Comentário da ACT: Em 28 de setembro, a Gazeta do Sul publicou um artigo onde o autor, Luiz Carlos Pauli, atacou a ACT, nosso trabalho e contestou números relativos aos males do tabagismo, sem apresentar, no entanto, nenhum contraponto.
 
A ACT pediu direito de resposta e enviou um artigo, que foi publicado no último dia 5. 
 
Além do horizonte do tabaco
 
O artigo publicado nesta seção, em 28 de setembro, intitulado Região, vamos à luta,  traz uma série de ataques descabidos a nós, da Aliança de Controle do Tabagismo (ACT). Somos uma organização não governamental, formada por representantes da sociedade organizada, voltada à promoção de ações para a diminuição do impacto sanitário, social, ambiental e econômico gerado pela produção, consumo e exposição à fumaça do tabaco. 

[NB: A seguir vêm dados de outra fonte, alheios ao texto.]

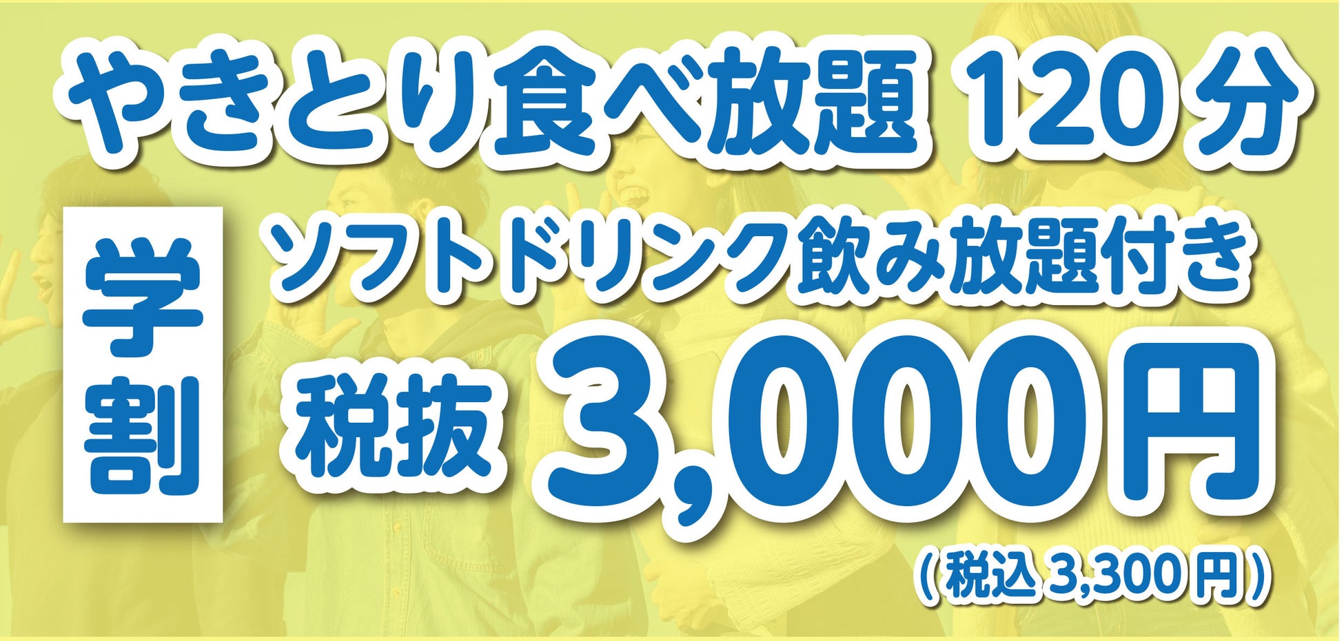 本キャンペーンでは、焼きとり、串揚げ、一品料理、ご飯もの、デザートまで 全35種類以上の人気メニュー を楽しめる食べ放題を、通常価格 税抜3,000円(税込3,300円) にてご提供。さらに、学生グループには嬉しい学割特典として、嬉しいソフトドリンク飲み放題付きです!

O planeta se preocupa, atualmente, com as doenças crônicas não transmissíveis (DCNTs), causadas especialmente pelo tabagismo, pelo uso abusivo de álcool, por uma alimentação baseada em produtos industrializados e pelo sedentarismo. No entanto, o tabagismo é o maior fator de risco entre as DCNTs e reduzir a sua prevalência nos países diminuirá, por consequência, essas doenças também.

As evidências científicas acumuladas nos últimos anos são incontestáveis, não há dúvida de que o cigarro causa danos, não apenas à saúde de quem fuma, mas também de quem fica exposto à fumaça. Da produção ao descarte existem riscos e danos à saúde e ao meio ambiente.

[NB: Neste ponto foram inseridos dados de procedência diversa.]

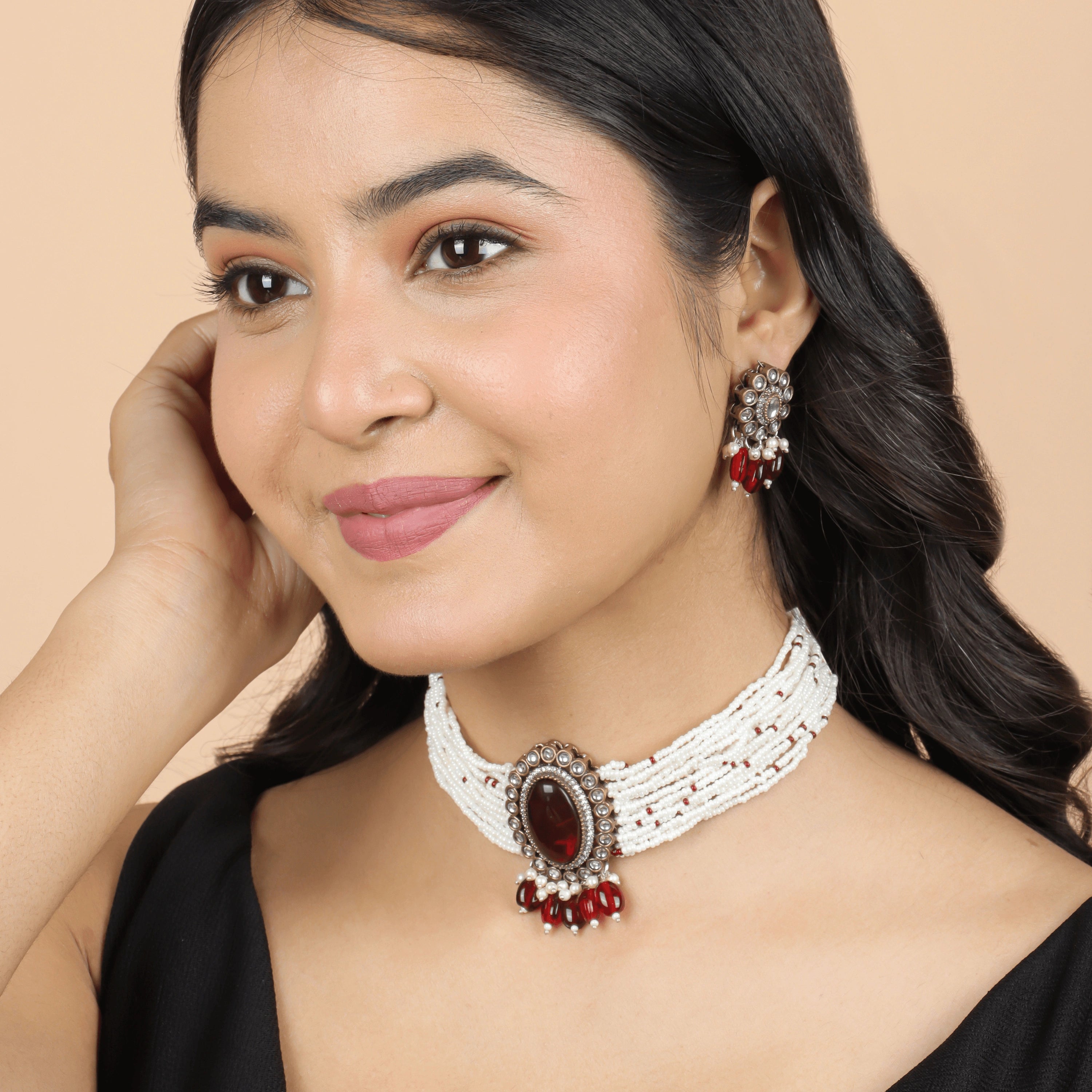 Red Stone Pearl Choker with Earrings - Rukhmani

Em 2011, em estudo feito pela Fundação Oswaldo Cruz, pesquisadores descreveram a ocorrência da doença da folha verde do tabaco no Brasil. A enfermidade é caracterizada por uma intoxicação aguda de nicotina decorrente da absorção pela pele da substância a partir da folha da tabaco, comumente contraída por agricultores que trabalham no cultivo da planta. Seus principais sinais e sintomas são tontura, fraqueza, vômito, náusea e cefaleia. 

Infelizmente, nem sempre há a oportunidade de um diálogo franco com os fumicultores, e por meio de falsas mensagens eles são persuadidos a crer que devem atuar para impedir ou atrasar medidas de controle do tabagismo. Um dos exemplos recentes é a questão da proibição de aditivos no cigarros. A Anvisa, depois de consultas públicas, aprovou a norma, que entrará em vigor em 2013.  

O fim da adição de sabores aos produtos de tabaco nada mais é do que cumprir com as obrigações assumidas em tratado internacional de saúde pública do qual o Brasil é signatário. Aos fumicultores, devem ser oferecidos incentivos governamentais para que aqueles que desejarem encontrem alternativas viáveis à produção de tabaco. Com todos os que conversamos, a vontade de mudar para um cultivo mais saudável é unânime.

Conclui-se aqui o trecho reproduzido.